Le terre rare: il nuovo oro dell’industria globale
Le terre rare sono un gruppo di 17 elementi della tavola periodica fondamentali per la produzione di tecnologie avanzate, dai semiconduttori ai magneti per le auto elettriche, fino alle componenti per sistemi missilistici e radar. Attualmente, il mercato globale di questi materiali vale circa 11 miliardi di dollari, ma le proiezioni indicano che raggiungerà i 21,7 miliardi entro il 2031, con un tasso di crescita annuo del 7,4%. In questo scenario, l’Ucraina emerge come un attore chiave. Il Donbass, regione al centro del conflitto con la Russia, ospita una parte significativa delle riserve ucraine di litio, titanio e terre rare. Questo spiega perché il controllo del territorio non sia solo una questione politica o militare, ma anche economica e strategica.
La supremazia cinese e la risposta americana
A dominare il mercato delle terre rare è attualmente la Cina, che produce circa il 70% dell’offerta globale con un output di 240.000 tonnellate l’anno. Anche il suo export continua a crescere, registrando un aumento del 6% nel 2023. Gli Stati Uniti, invece, pur avendo aumentato la loro produzione a 43.000 tonnellate nel 2024, dipendono ancora pesantemente dalle importazioni cinesi: tra il 2019 e il 2022, oltre il 95% delle terre rare consumate negli USA proveniva da Pechino. Proprio per ridurre questa dipendenza, Washington sta cercando nuove alleanze e fonti di approvvigionamento. La trattativa in corso tra USA e Ucraina, del valore di 500 miliardi di dollari, rappresenta un passo in questa direzione. Se gli Stati Uniti riuscissero a garantirsi un accesso privilegiato alle risorse ucraine, potrebbero contrastare l’egemonia cinese e rafforzare la propria autonomia strategica.
Il controllo russo sulle risorse ucraine
Tuttavia, gran parte delle risorse ucraine si trovano in aree attualmente sotto controllo russo. Secondo le stime, 12.400 miliardi di dollari di giacimenti minerari ed energetici ucraini sono nelle mani di Mosca. Tra questi:
•63% delle riserve di carbone
•11% dei giacimenti di petrolio
•20% delle riserve di gas naturale
•42% dei metalli
•33% delle terre rare e minerali strategici, incluso il litio
Questo controllo conferisce alla Russia un vantaggio significativo nella gestione delle risorse, ma allo stesso tempo alimenta ulteriormente le tensioni con l’Occidente.
Un mercato sempre più conteso
L’Ucraina non è l’unico terreno di scontro nella corsa alle risorse minerarie. Il Canada, con 14 milioni di tonnellate di terre rare, è un altro obiettivo strategico degli USA, così come la Groenlandia, che sta emergendo come una delle ultime frontiere dell’estrazione mineraria a causa dello scioglimento dei ghiacci.
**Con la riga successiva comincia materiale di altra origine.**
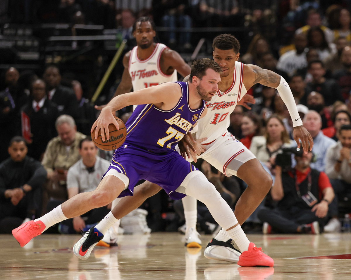 Mar 18, 2026; Houston, Texas, USA; Los Angeles Lakers guard Luka Doncic (77) dribbles against Houston Rockets forward Jabari Smith Jr. (10) in the second quarter at Toyota Center. Mandatory Credit: Thomas Shea-Imagn Images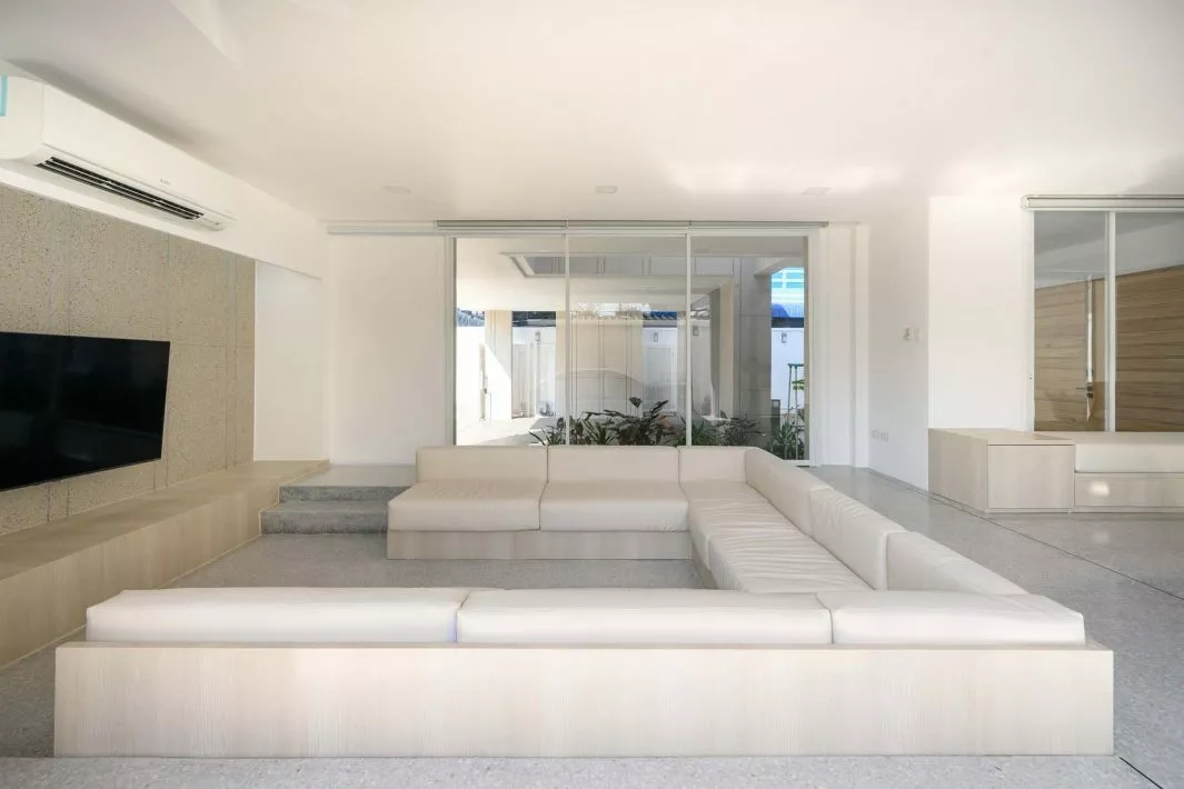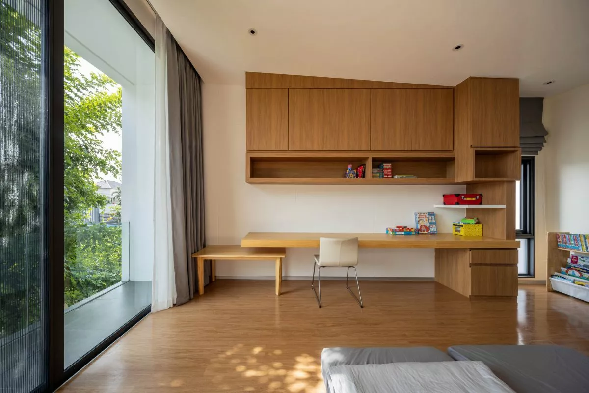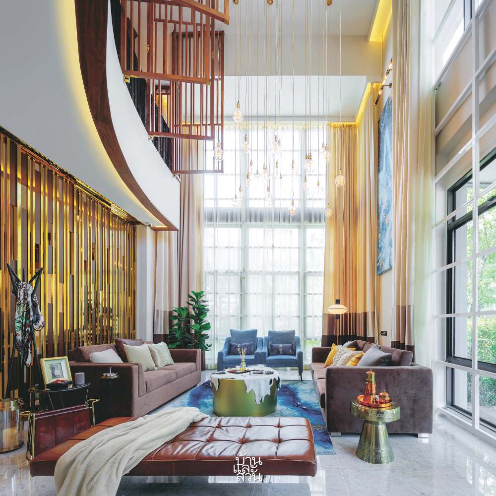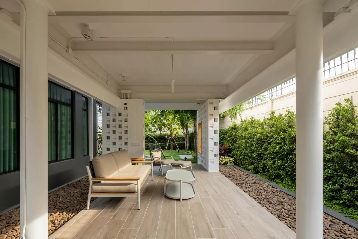บ้านจัดสรรที่ได้รับการออกแบบตกแต่งสไตล์ลักชัวรี่ มีมุมไฮไลต์ของบ้านคือศาลาอเนกประสงค์ที่มีลักษณะเหมือน กลาสเฮ้าส์ ซึ่งถือเป็นส่วนต่อเติมที่เพิ่มขึ้นมาใหม่จากเเปลนเดิมของบ้านจัดสรรที่ให้มา โดยสถาปนิกได้เลือกพื้นที่สวนด้านข้างของตัวบ้าน เพื่อทำเป็นส่วนต่อขยายโครงสร้างเชื่อมติดกับมุมนั่งเล่นภายในบ้าน เเต่เเยกฐานรากออกจากกัน ด้านบนเปิดเป็นหลังคากระจกลามิเนตขนาดใหญ่ช่วยให้แสงส่องสว่างไปทั่วทั้งบริเวณดูโปร่งตา ส่วนด้านหน้าออกแบบช่องเปิดเป็นประตูบานเฟี้ยมกระจกขนาดใหญ่ที่เปิดออกได้จนสุดสำหรับเปิดรับวิวสวนเเละลมเย็นสบายตลอดวัน เเละหากเปิดประตูนี้ออกทั้งหมดจะคล้ายกับศาลาที่ใช้งานได้อย่างเต็มที่ เดินเข้าได้ทั้งจากภายในบ้านและลงไปยังสวนได้โดยตรง ในส่วนนี้ด้านหลังยังมีมุมสำหรับใช้เป็นห้องเด็กโดยเฉพาะ เพื่อให้พ่อแม่สามารถดูลูกเล็ก ๆ ได้ขณะพักผ่อนอยู่ที่โซนนั่งเล่นของกลาสเฮ้าส์ >> อ่านต่อ

Nel frattempo, l’Africa resta un campo di battaglia storico per l’estrazione di minerali critici, con conflitti e instabilità che da decenni accompagnano lo sfruttamento delle sue risorse naturali. La guerra in Ucraina non è solo una questione di sovranità territoriale, ma anche di dominio sulle risorse strategiche. Il Donbass e altre regioni ricche di terre rare sono diventate un obiettivo geopolitico cruciale, con Russia, Stati Uniti e Cina impegnati in una competizione sempre più serrata per il controllo dei materiali essenziali alla transizione tecnologica e militare del XXI secolo. In un mondo in cui la dipendenza dalle materie prime definisce sempre più gli equilibri di potere, la battaglia per le terre rare ucraine è solo all’inizio.